PROVIDED ENTRIES:
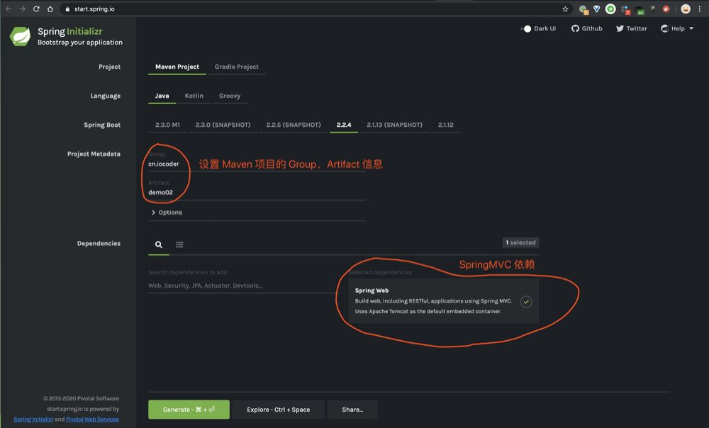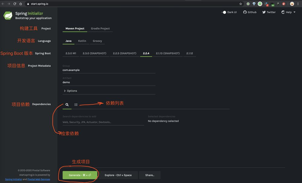 ① 使用浏览器,打开 https://start.spring.io/ 地址,配置如下图所示:
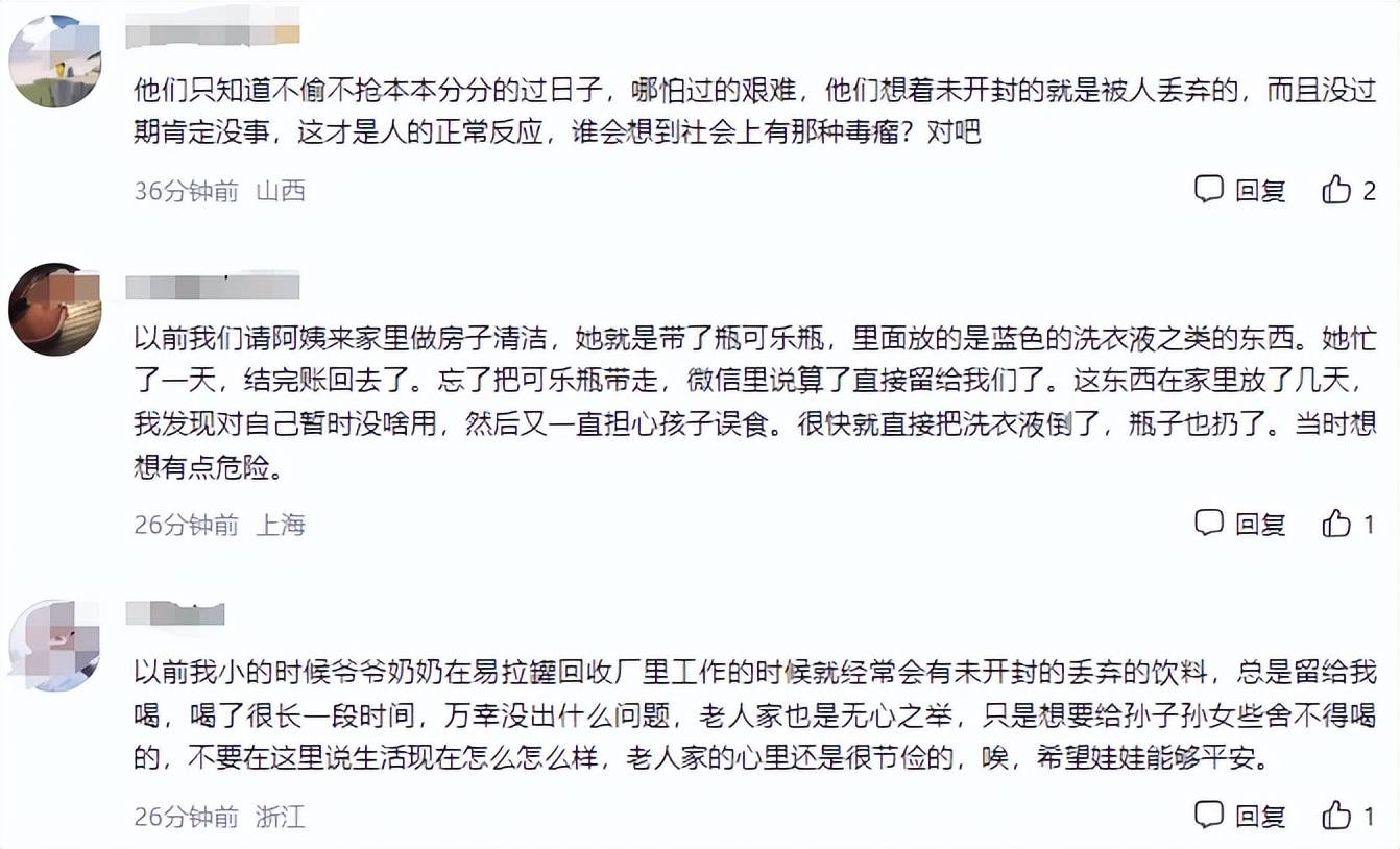 无论是哪种原因,都要对投毒之人绳之以法,同时大家也要避免食用来历不明的东西,避免给违法人员留下可乘之机。很多网友对此表示不理解,这都什么年代了,还能有人捡饮料喝?还给孩子喝?这是亲奶奶吗?
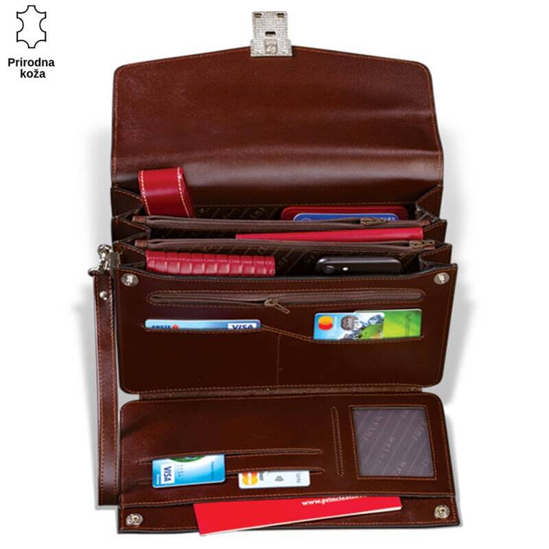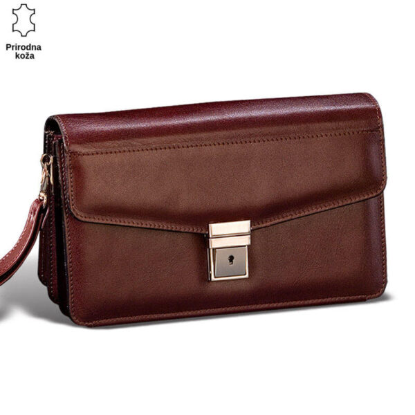 Ova praktična muška torbica je ručno izrađena od visokokvalitetne goveđe kože, malih dimenzija ali dovoljna za sve neophodne stvari koje trebaju jednom poslovnom muškarcu. Moderna niklovana bravica sa ključićem je, ne samo ukras na poklopcu, već i ono što obezbeđuje sigurnost sadržine torbice, a sa strane je zakačen kaiščić za nošenje ovog artikla u ruci. Za ovako malu torbicu, unutrašnjost je vrlo prostrana i sadrži tri osnovne pregrade, 2 sa rajsferšlusima, jedan skriveni džep i dve pregrade za kartice. Ono što ovu torbicu čini tako kompaktnom i praktičnom je što se ispod glavnog poklopca torbe nalazi jedan kožni poklopac koji se može otvoriti pomoću dva drihera. Tu se nalazi dodatni veliki džep, dve pregrade za dokumenta, i prozorčić od PVC plastike za ličnu kartu, vozačku ili saobraćajnu dozvolu, i sl. Predviđena je kako za nošenje u elegantnim, poslovnim i svečanim prilikama, tako i za svakodnevnu upotrebu. Izrađuje se u crnoj i braon boji i dolazi upakovana u tkanoj vrećici. Na sam artikal se može utiskivati logo naručioca.
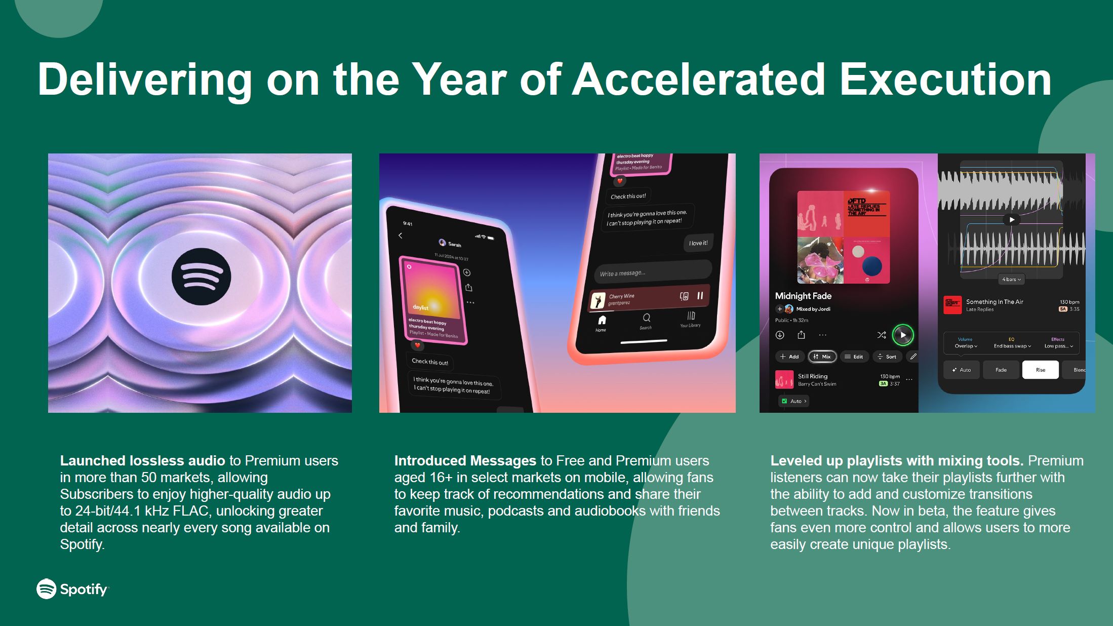 Delivering on the Year of Accelerated Execution  Launched lossless audio to Premium users in more than 50 markets, allowing Subscribers to enjoy higher-quality audio up to 24-bit/44.1 kHz FLAC, unlocking greater detail across nearly every song available on Spotify.  Leveled up playlists with mixing tools. Premium listeners can now take their playlists further with the ability to add and customize transitions between tracks. Now in beta, the feature gives fans even more control and allows users to more easily create unique playlists.  Introduced Messages to Free and Premium users aged 16+ in select markets on mobile, allowing fans to keep track of recommendations and share their favorite music, podcasts and audiobooks with friends and family.
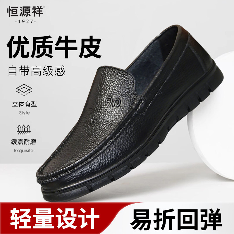 恒源祥中老年男鞋一脚蹬速穿秋冬季真皮商务休闲皮鞋男士软底舒适
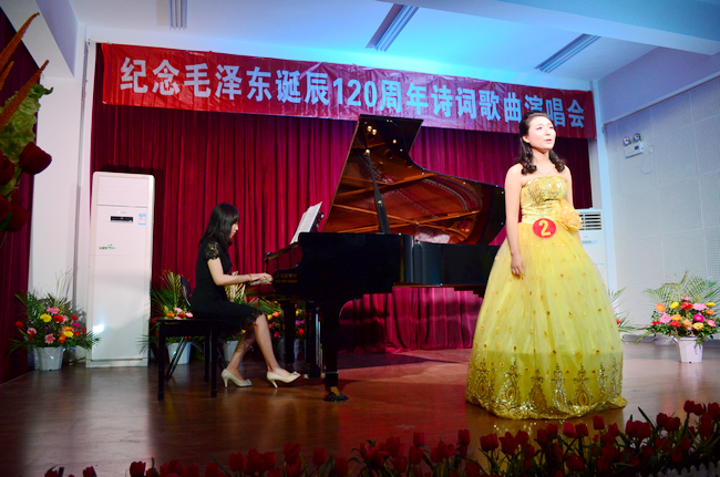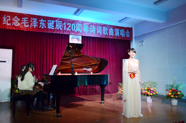 12月19日晚,由多部门联合举办的纪念毛泽东诞辰120周年诗词歌曲演唱会在艺术系习奏习唱厅拉开帷幕。关工委副主任邱煜焜老师应邀到场并担任评委。
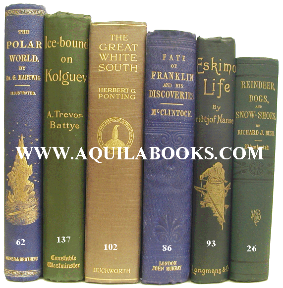 PLEASE NOTE Due to rapidly fluctuating Canadian and U. S. currencies, prices as listed in this catalogue ARE NOT CURRENT PRICES. Please contact us for a quote on an item's current price Return To Main Page Aquila Books Website CATALOGUE 105 - SPRING 2005 AQUILA BOOKS Box 75035, Cambrian Postal Outlet Calgary, AB T2K 6J8 Canada Cameron Treleaven, Proprietor A.B.A.C. / I.L.A.B., P.B.F.A., N.A.A.B., F.R.G.S. Hours: 10:30 – 5:30 MDT Monday-Saturday All Prices net in US Dollars. Accepted payment methods: by Credit Card (Visa or Master Card) and also by Cheque or Money Order, payable on a North American bank. Reciprocal trade terms apply. Institutions can be invoiced. Postage and insurance extra. Books can be returned within one week of receipt. N.B. Please advise by phone or email for specific shipping instructions. Dear Customers (both old and new). Thank you for your support for our last catalogue. We enjoyed hearing from both new and old customers. This is our second catalogue of polar books, including items on Alaska and the Yukon , which we intend to be a semi-annual event. Our interests are broad ranging and extend to ephemera, photographs, artifacts, maps and prints in addition to books. Want lists are always welcome and we encourage you to call or email regarding your specific interests.. We are also always interested in purchasing collections, large or small as well as individual items of significance. I am always ready to travel anywhere to purchase interesting material. Cameron Phone: (403) 282-5832 Fax: (403) 289-0814 Email: Aquila Books Website: http://www.aquilabooks.com/ |
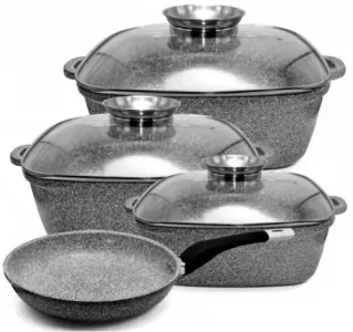 Цей кухонний набір не містить шкідливих речовин у своєму складі та дозволяє готувати їжу з мінімальною кількістю олії. Ідеально для приготування низькокалорійної, дієтичної їжі.
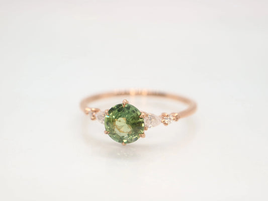 14k rose gold green sapphire and diamond ring, Green sapphire and diamond engagement ring
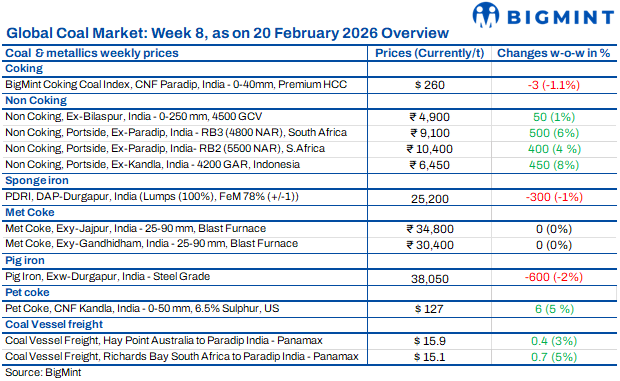 Coal market sentiment in the week ended 20 February remained firm but cautious. Imported coal prices stayed elevated due to supply disruptions in South Africa and regulatory uncertainty in Indonesia, while freight strength supported overall cost structures. However, buyers largely adopted a wait-and-watch approach as high raw material costs pressured margins. Domestic coal gained attention as a viable alternative, with selective procurement and limited fresh deals dominating market activity.
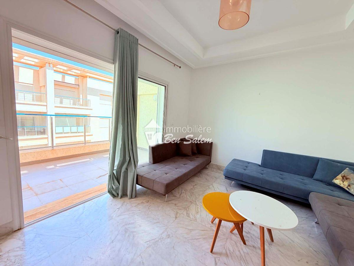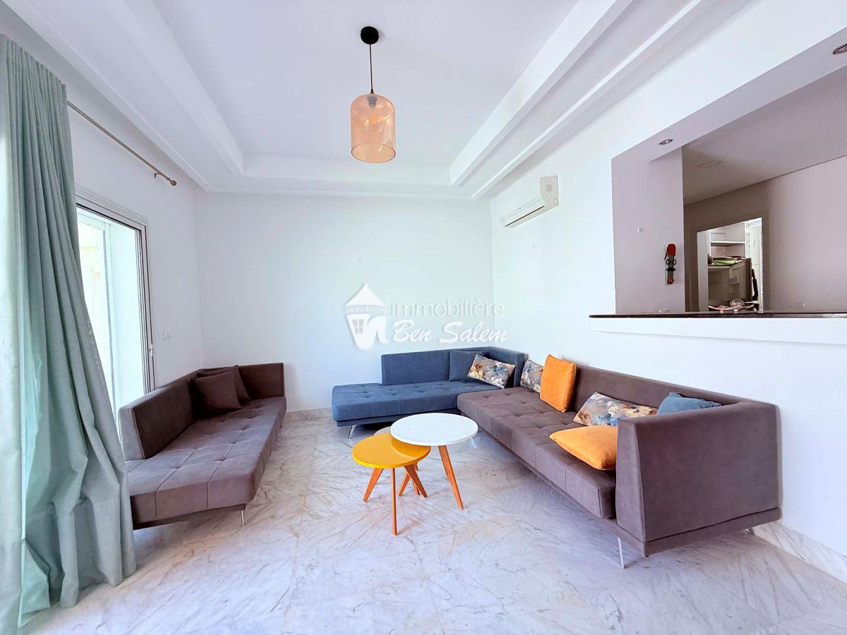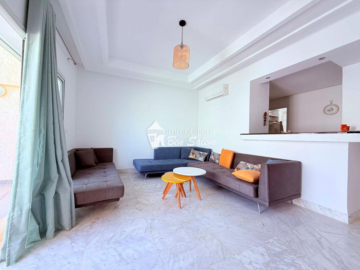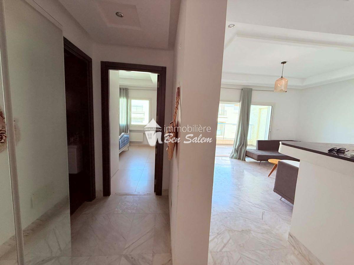 A vendre un bel appartement avec vue de mer agréable, situé au 2 eme étage, dans une résidence gardée et sécurisée très proche de la mer à Hammamet Nord zone Hôtel sultan et badira, proche de toutes commodités et loisirs, et 5 mn du centre ville.
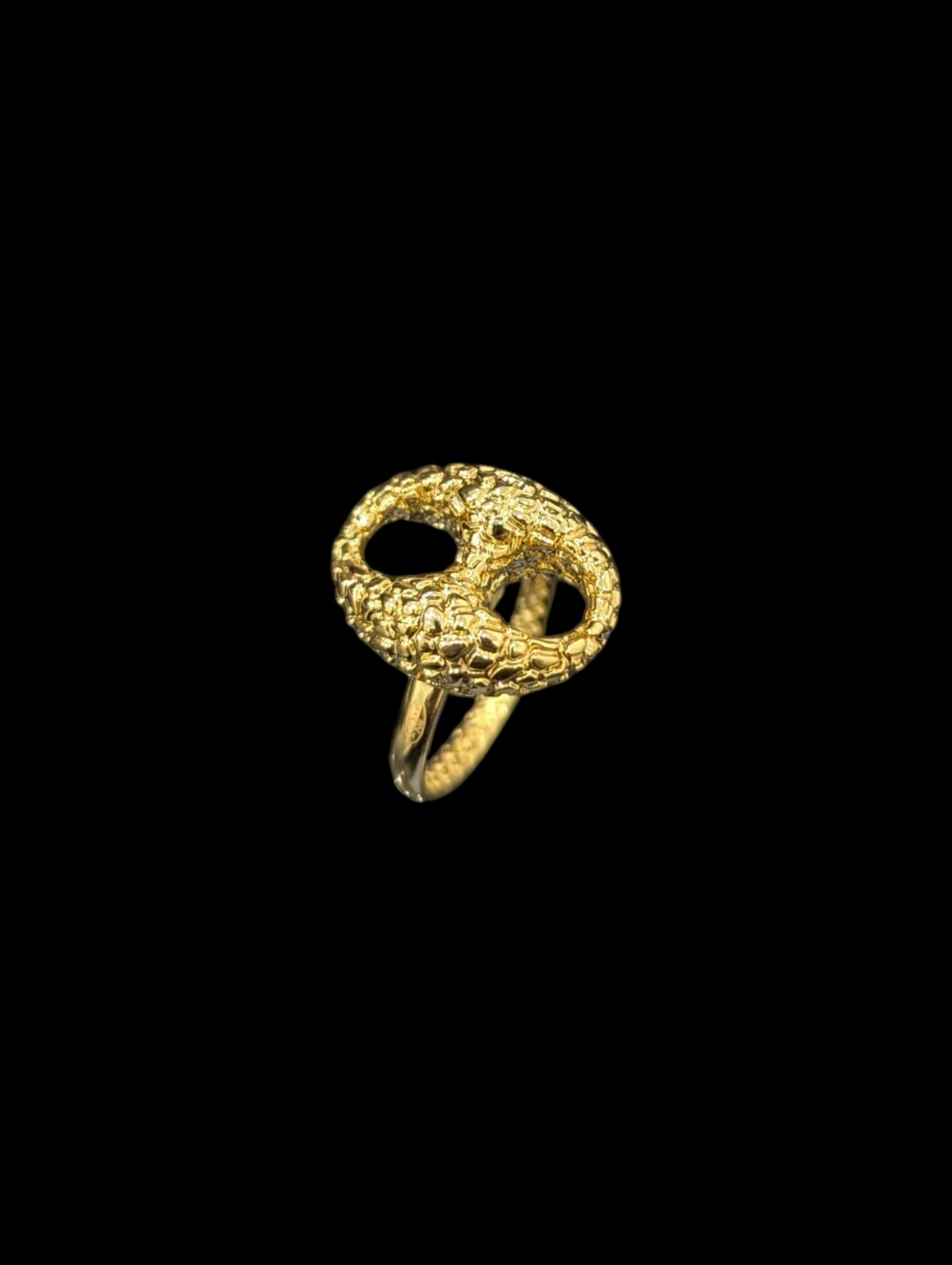 Bague en or 18 carats ornée d’un motif grain de café à finition nugget, mesurant 15 mm sur 20 mm, avec un anneau de 2 mm de largeur. Un bijou au design iconique, à la fois élégant et affirmé.

PROBLEM TO SOLVE:
Please return the material above unchanged, with every picture removed.

RESPONSE BELOW:
 ① 使用浏览器,打开 https://start.spring.io/ 地址,配置如下图所示:
 无论是哪种原因,都要对投毒之人绳之以法,同时大家也要避免食用来历不明的东西,避免给违法人员留下可乘之机。很多网友对此表示不理解,这都什么年代了,还能有人捡饮料喝?还给孩子喝?这是亲奶奶吗?
 Ova praktična muška torbica je ručno izrađena od visokokvalitetne goveđe kože, malih dimenzija ali dovoljna za sve neophodne stvari koje trebaju jednom poslovnom muškarcu. Moderna niklovana bravica sa ključićem je, ne samo ukras na poklopcu, već i ono što obezbeđuje sigurnost sadržine torbice, a sa strane je zakačen kaiščić za nošenje ovog artikla u ruci. Za ovako malu torbicu, unutrašnjost je vrlo prostrana i sadrži tri osnovne pregrade, 2 sa rajsferšlusima, jedan skriveni džep i dve pregrade za kartice. Ono što ovu torbicu čini tako kompaktnom i praktičnom je što se ispod glavnog poklopca torbe nalazi jedan kožni poklopac koji se može otvoriti pomoću dva drihera. Tu se nalazi dodatni veliki džep, dve pregrade za dokumenta, i prozorčić od PVC plastike za ličnu kartu, vozačku ili saobraćajnu dozvolu, i sl. Predviđena je kako za nošenje u elegantnim, poslovnim i svečanim prilikama, tako i za svakodnevnu upotrebu. Izrađuje se u crnoj i braon boji i dolazi upakovana u tkanoj vrećici. Na sam artikal se može utiskivati logo naručioca.
 Delivering on the Year of Accelerated Execution  Launched lossless audio to Premium users in more than 50 markets, allowing Subscribers to enjoy higher-quality audio up to 24-bit/44.1 kHz FLAC, unlocking greater detail across nearly every song available on Spotify.  Leveled up playlists with mixing tools. Premium listeners can now take their playlists further with the ability to add and customize transitions between tracks. Now in beta, the feature gives fans even more control and allows users to more easily create unique playlists.  Introduced Messages to Free and Premium users aged 16+ in select markets on mobile, allowing fans to keep track of recommendations and share their favorite music, podcasts and audiobooks with friends and family.
 恒源祥中老年男鞋一脚蹬速穿秋冬季真皮商务休闲皮鞋男士软底舒适
 12月19日晚,由多部门联合举办的纪念毛泽东诞辰120周年诗词歌曲演唱会在艺术系习奏习唱厅拉开帷幕。关工委副主任邱煜焜老师应邀到场并担任评委。
 PLEASE NOTE Due to rapidly fluctuating Canadian and U. S. currencies, prices as listed in this catalogue ARE NOT CURRENT PRICES. Please contact us for a quote on an item's current price Return To Main Page Aquila Books Website CATALOGUE 105 - SPRING 2005 AQUILA BOOKS Box 75035, Cambrian Postal Outlet Calgary, AB T2K 6J8 Canada Cameron Treleaven, Proprietor A.B.A.C. / I.L.A.B., P.B.F.A., N.A.A.B., F.R.G.S. Hours: 10:30 – 5:30 MDT Monday-Saturday All Prices net in US Dollars. Accepted payment methods: by Credit Card (Visa or Master Card) and also by Cheque or Money Order, payable on a North American bank. Reciprocal trade terms apply. Institutions can be invoiced. Postage and insurance extra. Books can be returned within one week of receipt. N.B. Please advise by phone or email for specific shipping instructions. Dear Customers (both old and new). Thank you for your support for our last catalogue. We enjoyed hearing from both new and old customers. This is our second catalogue of polar books, including items on Alaska and the Yukon , which we intend to be a semi-annual event. Our interests are broad ranging and extend to ephemera, photographs, artifacts, maps and prints in addition to books. Want lists are always welcome and we encourage you to call or email regarding your specific interests.. We are also always interested in purchasing collections, large or small as well as individual items of significance. I am always ready to travel anywhere to purchase interesting material. Cameron Phone: (403) 282-5832 Fax: (403) 289-0814 Email: Aquila Books Website: http://www.aquilabooks.com/ |
 Цей кухонний набір не містить шкідливих речовин у своєму складі та дозволяє готувати їжу з мінімальною кількістю олії. Ідеально для приготування низькокалорійної, дієтичної їжі.
 14k rose gold green sapphire and diamond ring, Green sapphire and diamond engagement ring
 Coal market sentiment in the week ended 20 February remained firm but cautious. Imported coal prices stayed elevated due to supply disruptions in South Africa and regulatory uncertainty in Indonesia, while freight strength supported overall cost structures. However, buyers largely adopted a wait-and-watch approach as high raw material costs pressured margins. Domestic coal gained attention as a viable alternative, with selective procurement and limited fresh deals dominating market activity.
 A vendre un bel appartement avec vue de mer agréable, situé au 2 eme étage, dans une résidence gardée et sécurisée très proche de la mer à Hammamet Nord zone Hôtel sultan et badira, proche de toutes commodités et loisirs, et 5 mn du centre ville.
 Bague en or 18 carats ornée d’un motif grain de café à finition nugget, mesurant 15 mm sur 20 mm, avec un anneau de 2 mm de largeur. Un bijou au design iconique, à la fois élégant et affirmé.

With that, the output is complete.